Like the lingering shots of Clooney as Bob walking toward the camera in
Syriana
, we have a lengthy shot of Michael walking through his empty work environment, carrying his own bags to a plane with apparently no other passengers. He is a principled individual, framed alone, battling institutional forces of corruption, but is also part of that system. In terms of dress, he seems to be dominated by dark, sober colors that give him almost a funereal air. Crowder is also framed alone (at the gym, in an elevator, and entering a building) but she cannot connect with people like Michael does. He can also be a very charming people person, as when on the phone instructing his young legal team in Milwaukee succinctly but sensitively. He passes an envelope to the man who has been looking after Arthur, offering him tickets to a game if he is ever in New York. He knows how to make low-level corruption and diplomacy work in a spontaneous and interactive way, which we never see Crowder manage.

Gilroy's script links a number of elements. Some are obvious, like the boy's description of a game in which you can be talking to someone who turns out to be your “mortal enemy,” which Michael notes “sounds
familiar” but is exemplified in the apparently friendly knock at Arthur's door later. Other links are a little more subtle. Clayton's son sarcastically informs his mother that he has had breakfast even though there are no waffles with “It's a miracle” (like his father, he is something of a charming “miracle worker”). In the game, “all the people are hiding in the woods to try and stay alive,” which will be Michael's fate shortly after his car explodes. Michael sees the boy off to school with the order to “teach these people something,” but the boy does actually have knowledge, which first Arthur values and implicitly Michael comes to understand, if not at the level of conscious comprehension. The man to whom Michael owes money refers to an alcoholic wife as being “like strapped to a bomb” (reminding us of Michael's car). Clayton describes Arthur as “a killer” in the sense of possessing a brilliant legal mind but he will fall victim to unscrupulous men for whom this term is literally true.

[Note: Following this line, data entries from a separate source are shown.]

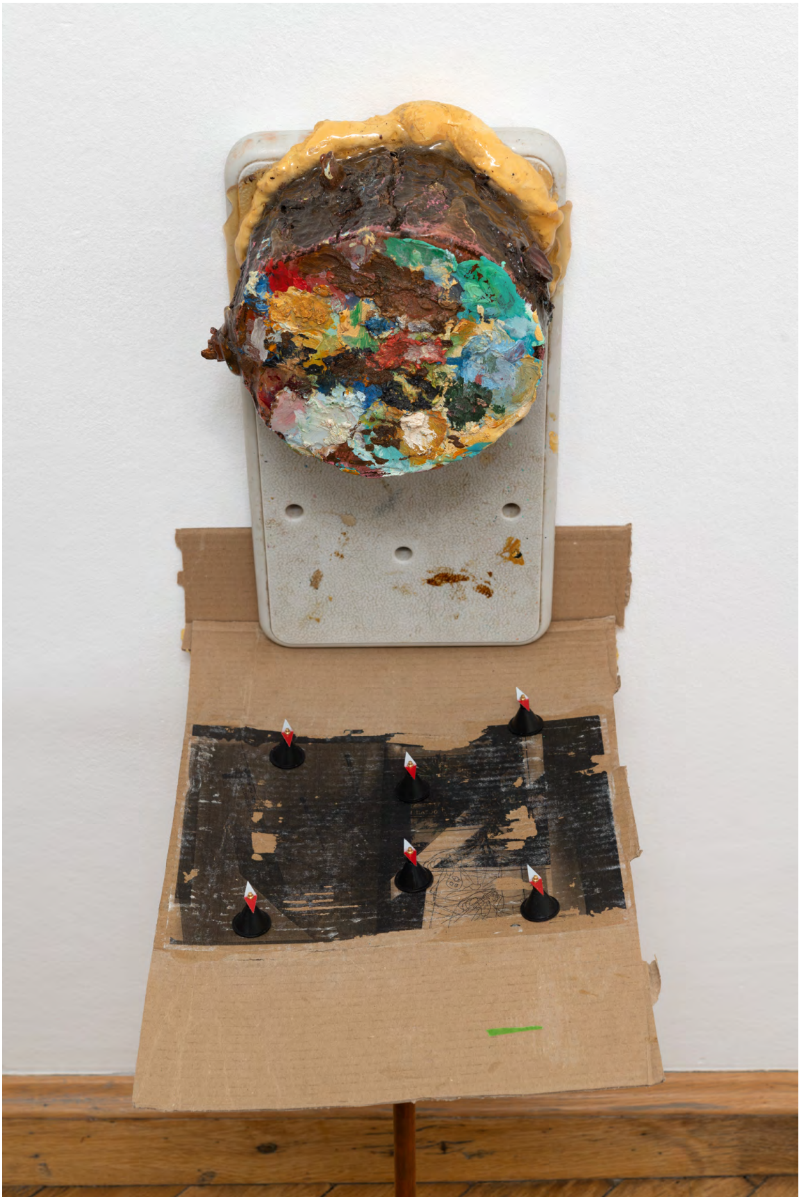
The perverse charme of tedious obligation, 2024, detail
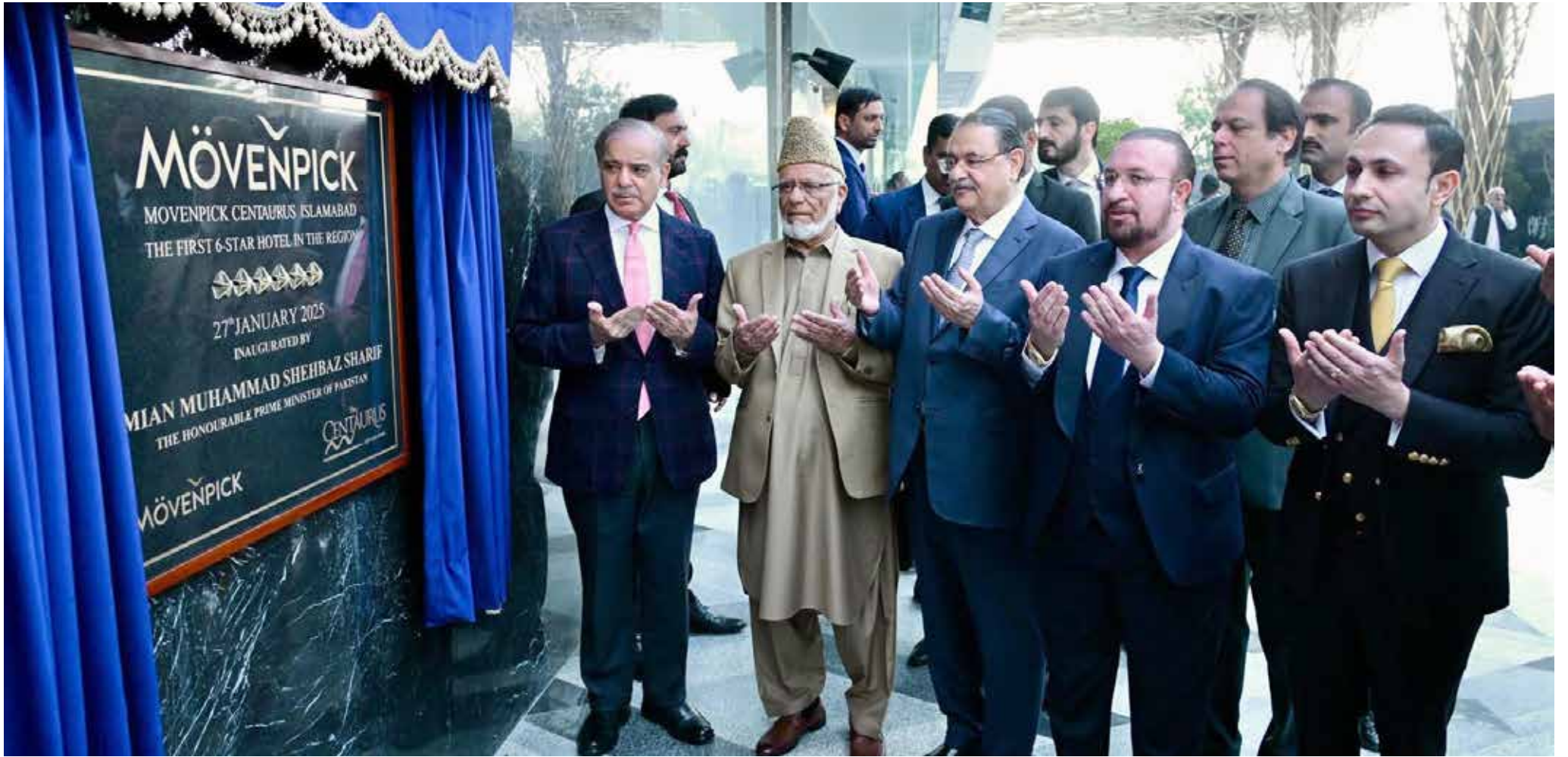
ISLAMABAD: Prime Minister Muhammad Shehbaz Sharif inaugurating an International Hotel.
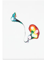
Franziska Furter Scattered Rainbow/Indreni , 2014 Ink on paper 32 x 24 cm (12-5/8 x 9-1/2 in.)
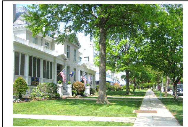
Older neighborhoods are invaluable.

The city is in a great position to educate neighborhood leaders and organizers knowing that a better informed and educated citizenry is a community asset.
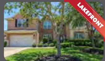
SOLD 2301 BENDING SPRING DR. 4 BED / 3.5 BATH / 2 CAR GARAGE
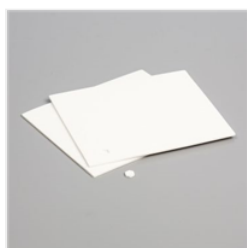
Mini Stampin' Dimensionals - 144108
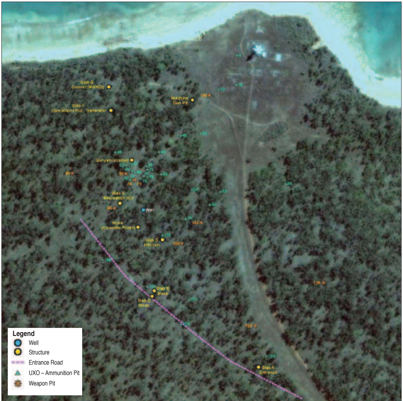
Figure 4: The layout of 105 RDF, as recorded in 2010, showing structures and ordnance (Owen and James 2010b:Figure 5).

identified small metal items, particularly spent cartridge cases, which would otherwise not have been observed or recorded due to the thick vegetation cover. In addition the pattern of spent ammunition and weapons pits provided evidence for the spatial use of the wider bush zone, otherwise devoid of signs relating to its WWII use.
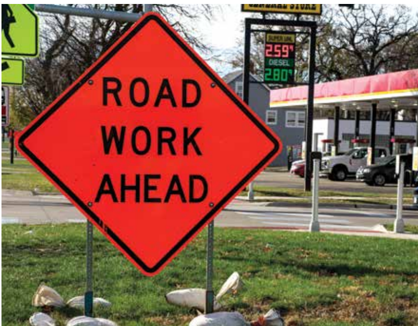
Recent polls show most Americans are willing to pay more at the pump, or in tolling, if it means better roads and bridges. “People are fed up,” stated former U.S. Transportation Secretary Ray LaHood in a Bloomberg article. “They’re ready for politicians to take action.”
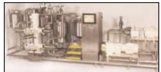
MAYO/SALAD DRESSING PROCESSING
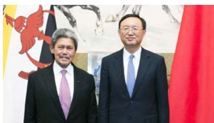
18 His Royal Highness Prince Mohamed Bolkiah holds bilateral talks
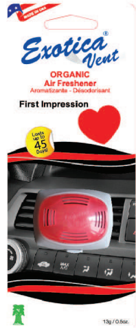
First Impression EXV-FIR
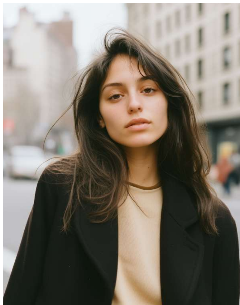
KODAK PORTRA 400
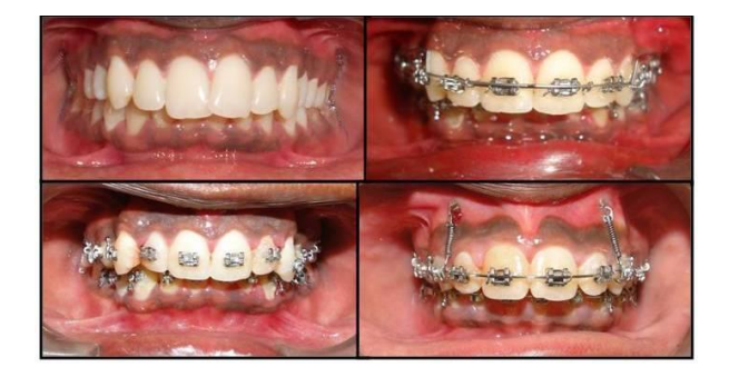
Fig 2: Pre operative and post operative photograph.

Fig 1: Two conventional lateral cephalometric head films of the patients.
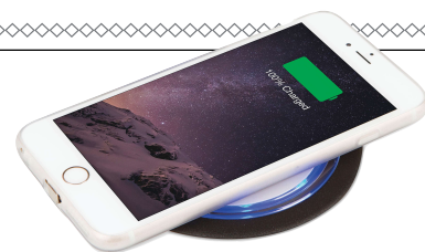
A Qi compatible device can be placed on the Wireless Charging Grommet surface from Doug Mockett & Co. for an automatic charge. The charge is indicated by the luminous ring of lights on the cap. Circle No. 208 on Product Card
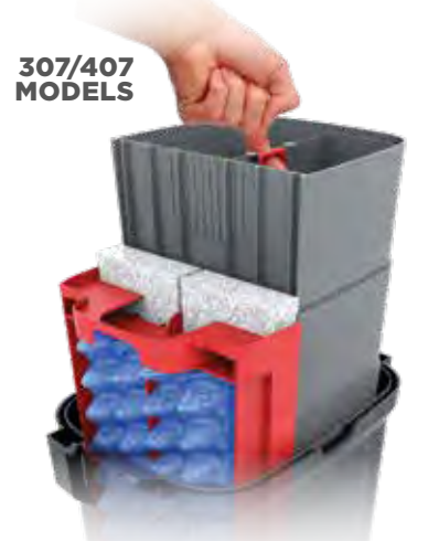
Media baskets are subdivided for more customizable options.
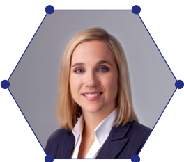
Bridget King Band 2

The 2020 FinTech edition saw Chambers expand its research from 22 jurisdictions to 37. This expansion reflects the global growth of this sector. As a firm, we are proud to be recognised as the South African leaders in this innovative and growing speciality.
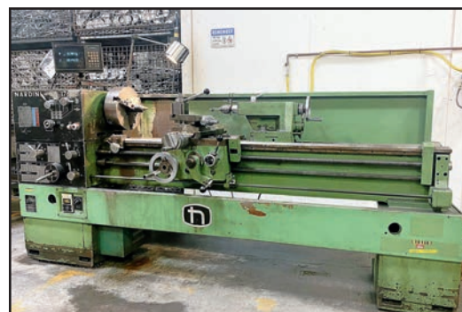
NARDINI ND 1760 E LATHE
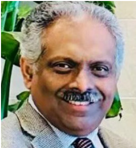
CRE EXECUTIVE OF THE YEAR
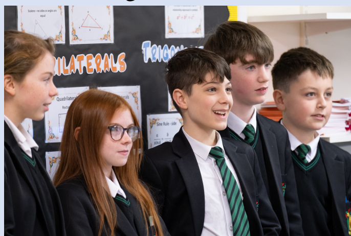
Answering out in class
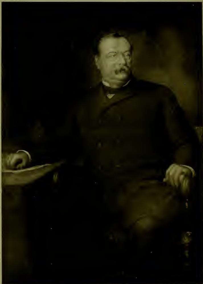
Bravure. Andersen. Lamb. Co. N.Y.
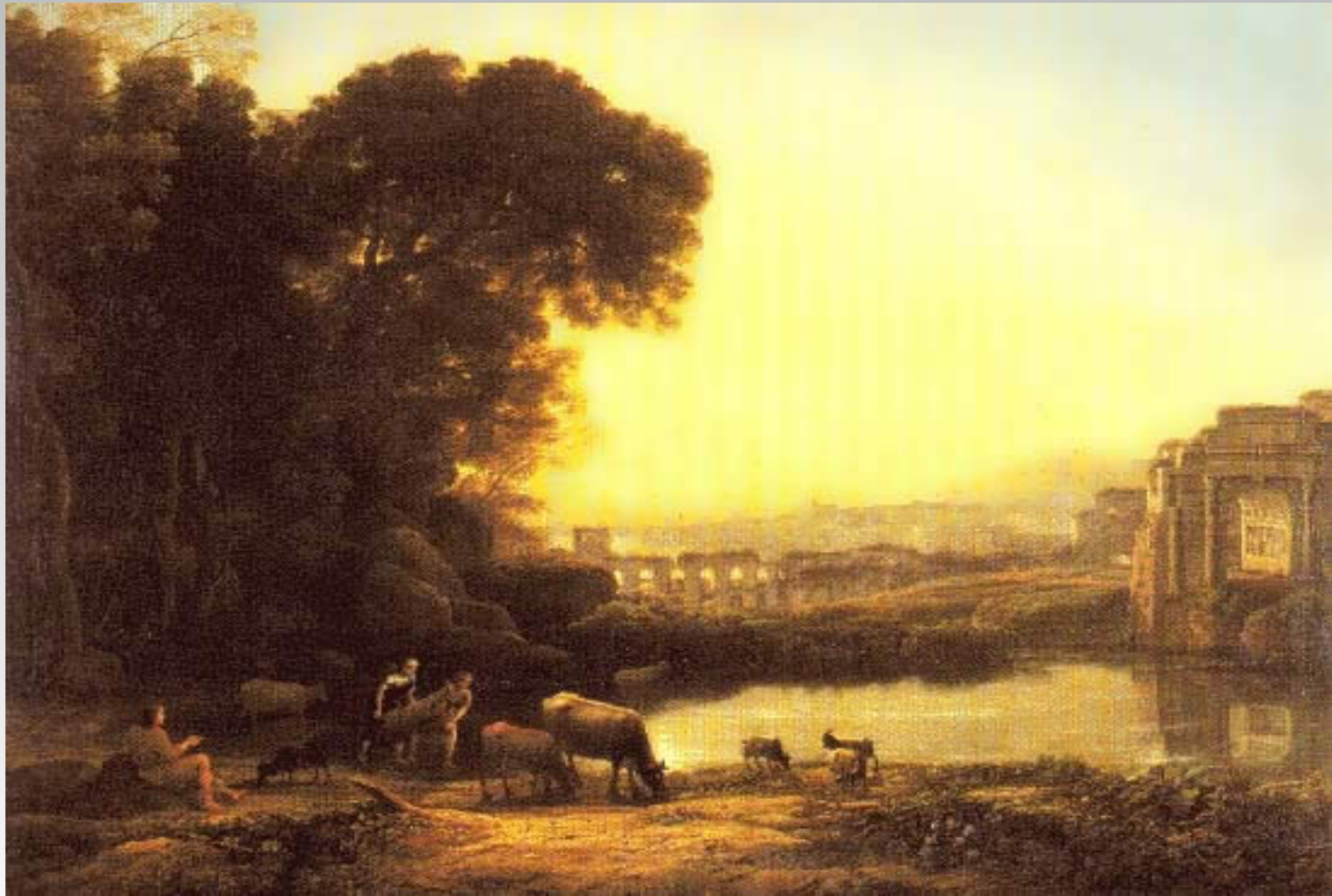
Claude Lorrain, Pastoral Landscape with the Arch of Titus
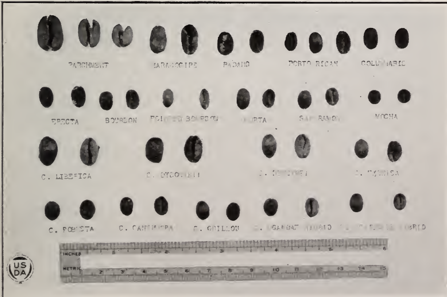
FIG. 2.—COFFEE BEANS.
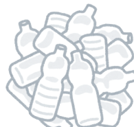
gaau -1 zeon -1 膠 樽 plastic bottles
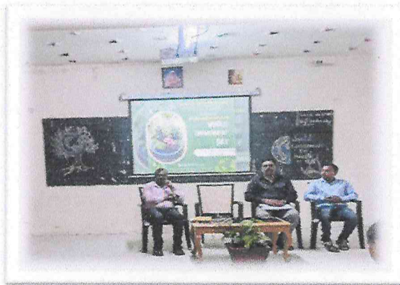
Faculties on the Diaz
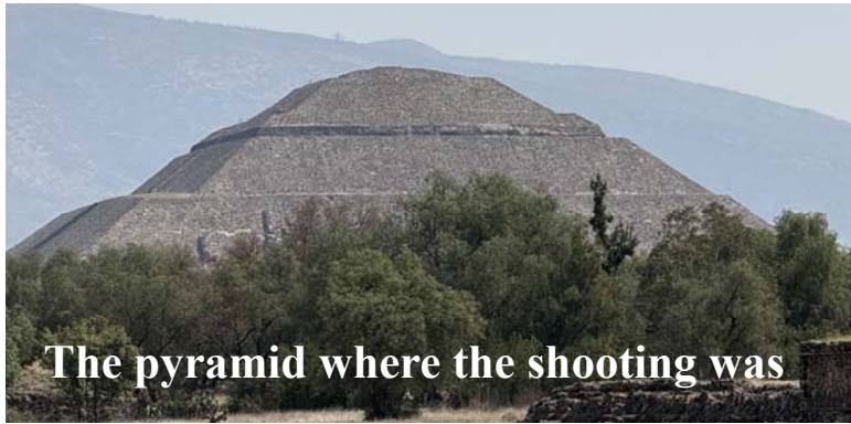
The pyramid where the shooting was
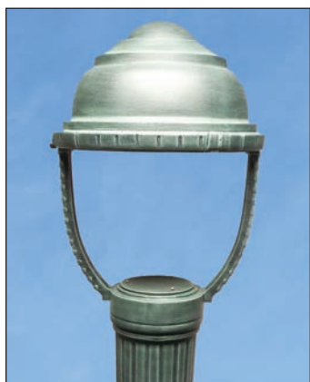
Shown (above): NL PLC11 Pewter Patina.

The Florence II luminaire, like the original Florence style, offers an authentic old world look with the modern conveniences of street lighting techniques used today. Replacing the original four-strut design, two of the cast aluminum side struts have been removed, with the remaining two featuring a decorative leaf pattern. A stylishly fluted ballast housing capital also completes the unique look set forth by the Florence II. The entire housing is constructed of cast aluminum,

Given Michael's clear expertise (demonstrated in the hit-and-run sequence) and the fact that he is in such demand (on call at any time of night), it seems strange that he is in such a financial position. His strained personal and family life and his disastrous restaurant investment all build pressure on him, but the main problem is the lack of precise professional identity, coupled to his effectiveness for an abusive system. When Marty (Sydney Pollack) explains later that he has created a niche, it should be one, given the logic of the system he is in, that pays well. The idea that someone who solves problems for others so well should be fallible in their personal life is a cliché of the detective genre, but that they should be so financially exposed seems unlikely. Gambling is a symptom of his unease with his life rather than the explicit cause of it. The roles that he plays in his job, charming health workers around Arthur, frightening Mr. Greer with facts about police procedure, or holding the phone away from his head for a second while he says he will fetch a pen (although he is already holding one)—all these are just part of his everyday life. Like Miles Massey he is dealing with super-rich clients, but unlike Massey here, as he says to Mr. Greer, there is “no play here, no angle, no champagne room.” The stakes are real.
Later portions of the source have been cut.